Sermon at the Sung Eucharist of the Blessed Virgin Mary 2019

It’s not just about being good, it’s about becoming holy.

The Reverend Mark Birch Minor Canon and Sacrist

Thursday, 15th August 2019 at 5.00 PM

Today, brothers and sisters, we celebrate the Blessed Virgin Mary, the mother of Jesus, our Lord and our God. Whether we celebrate her Assumption into heaven, according to the western Catholic doctrine, or her Dormition, according to the Orthodox east, we certainly celebrate her part in salvation history, and the crowning of her own salvation at the end of her earthly life.

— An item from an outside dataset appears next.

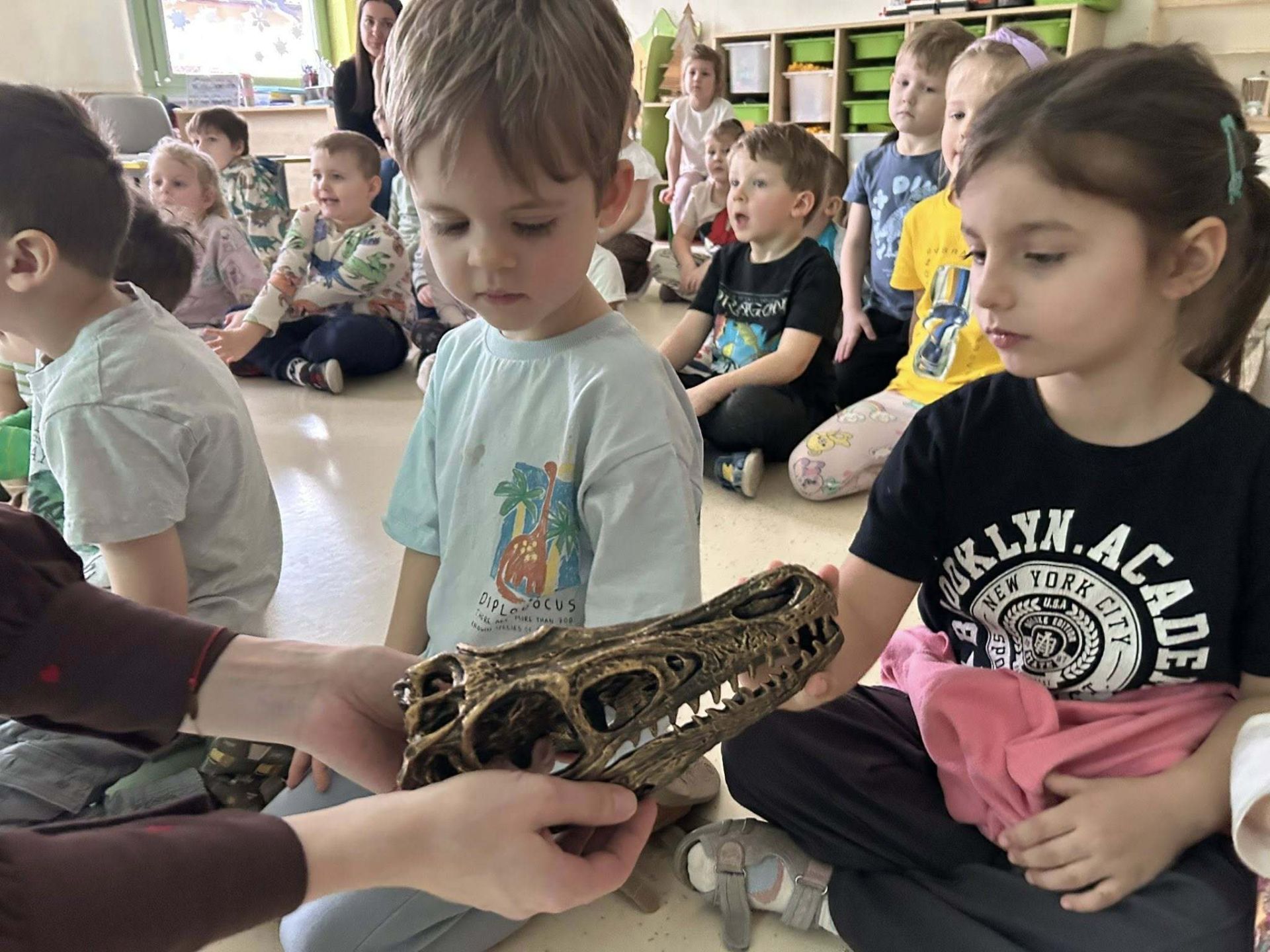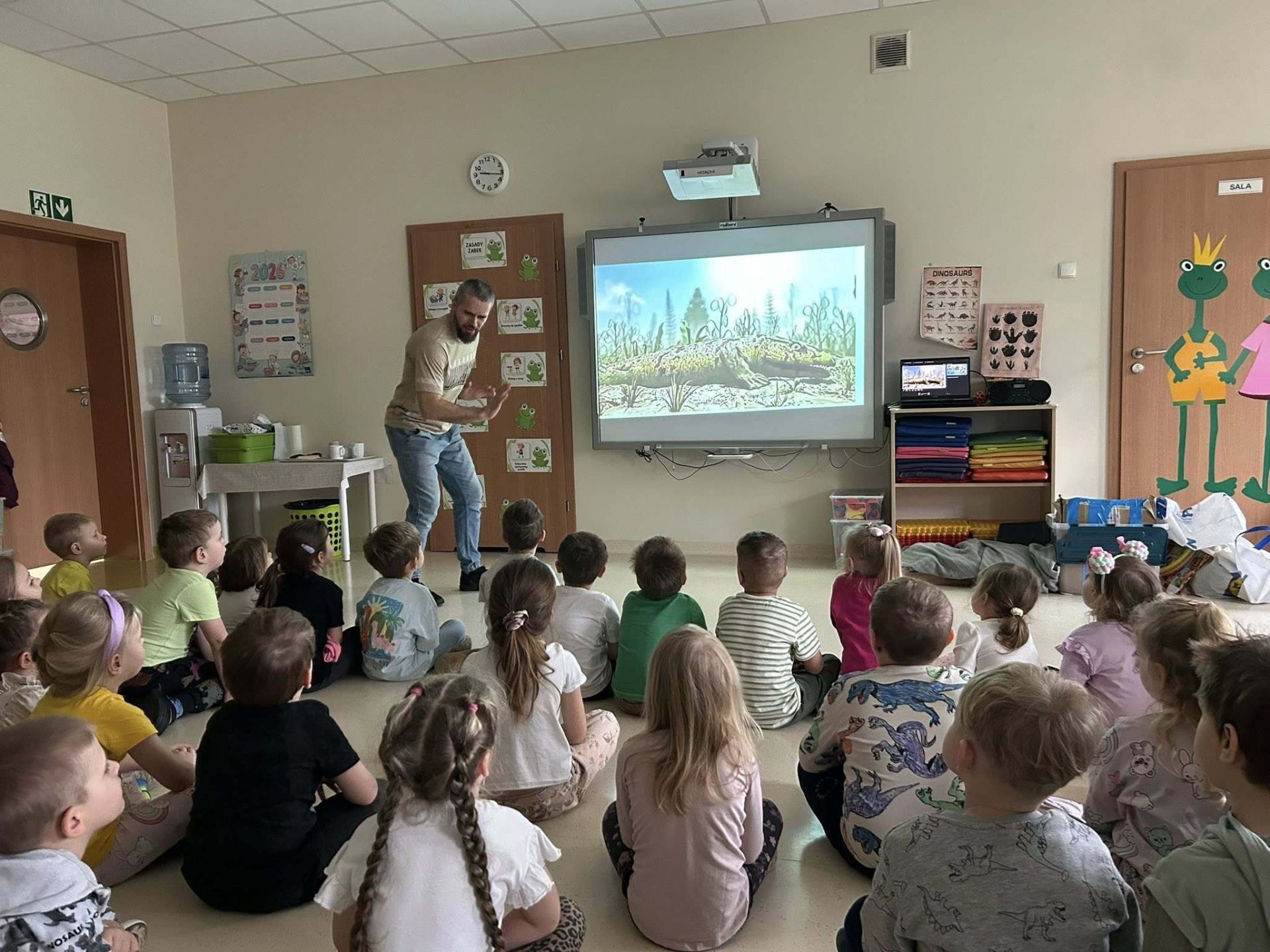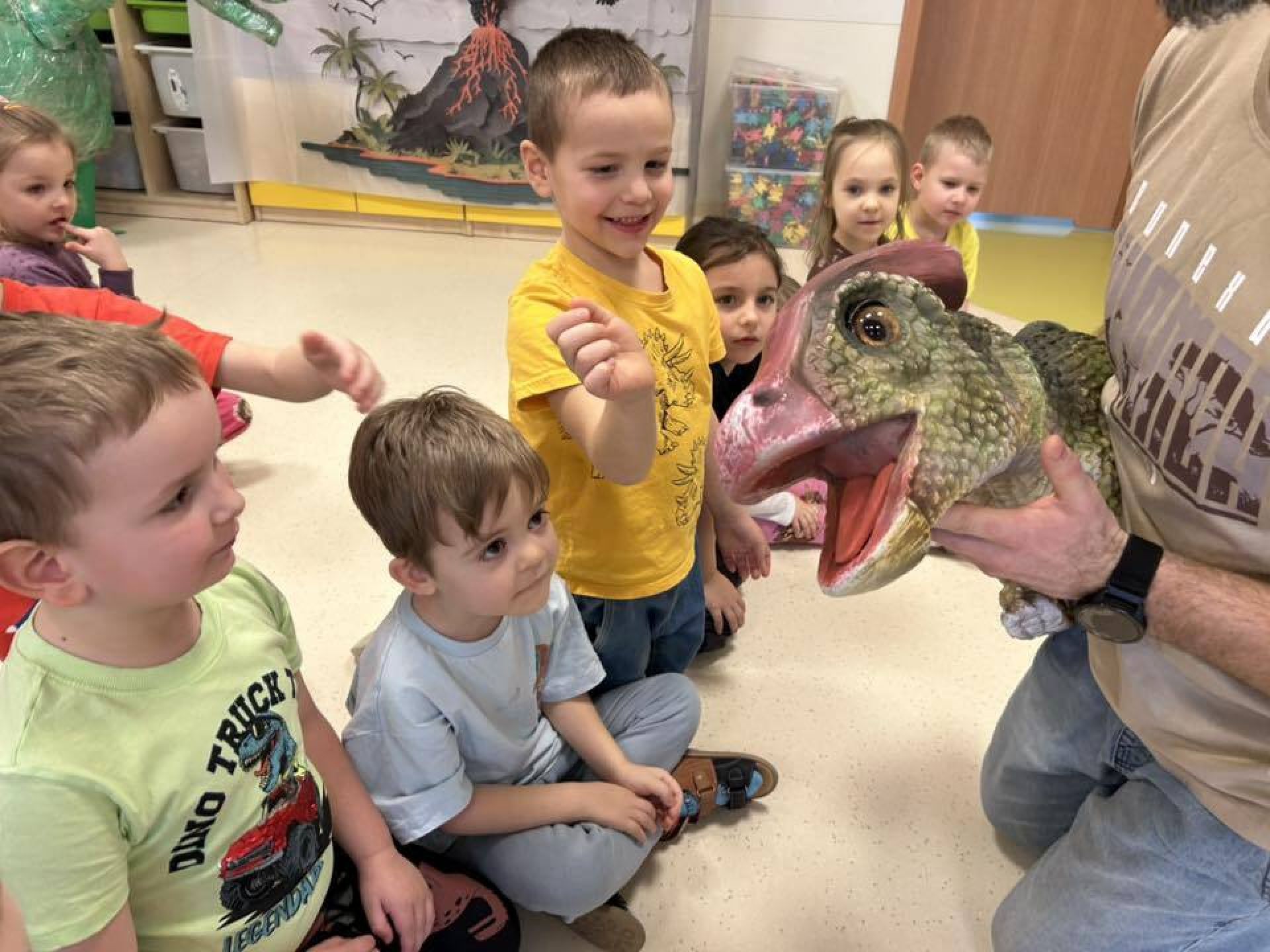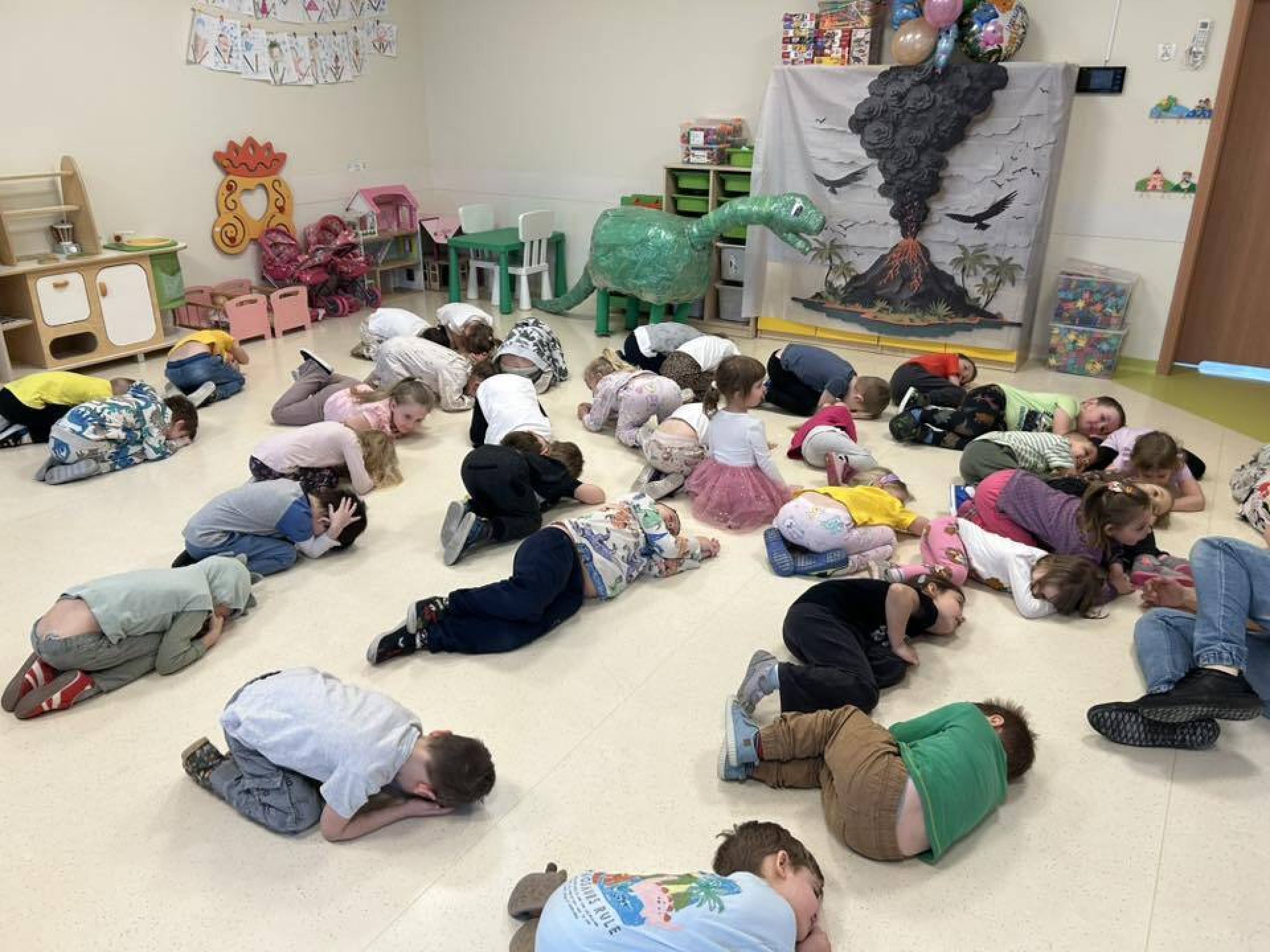 Dziś nasze przedszkole zmieniło się w prehistoryczny świat. Ruch, zabawa, wybuch wulkanu i spotkanie z dinozaurem, który "ożywa". Przedszkolaki brały udział w paleontologicznej przygodzie i przeniosły się do świata dinozaurów.

Why is Mary given such prominence in Churches east and west? So much so that some other churches fear that Jesus gets somewhat eclipsed; arguing that too much is said of someone about whom the Scriptures say very little. Her prominence relates not just to her unique role in salvation history, as the woman from whom Christ was born, but also because she thereby becomes a type, a model, of the Christian life. Mary supremely represents the Church in its relationship to Christ—she shows us what it is to be Christian.

What Mary shows us, in the witness of her earthly and now heavenly life, is that being Christian is not an extrinsic relationship with Christ—it’s not about someone separate from us, over and against us, a rival being. Being a Christian, as St Paul tells us and as Mary shows us, is about being in Christ, and having Christ in us.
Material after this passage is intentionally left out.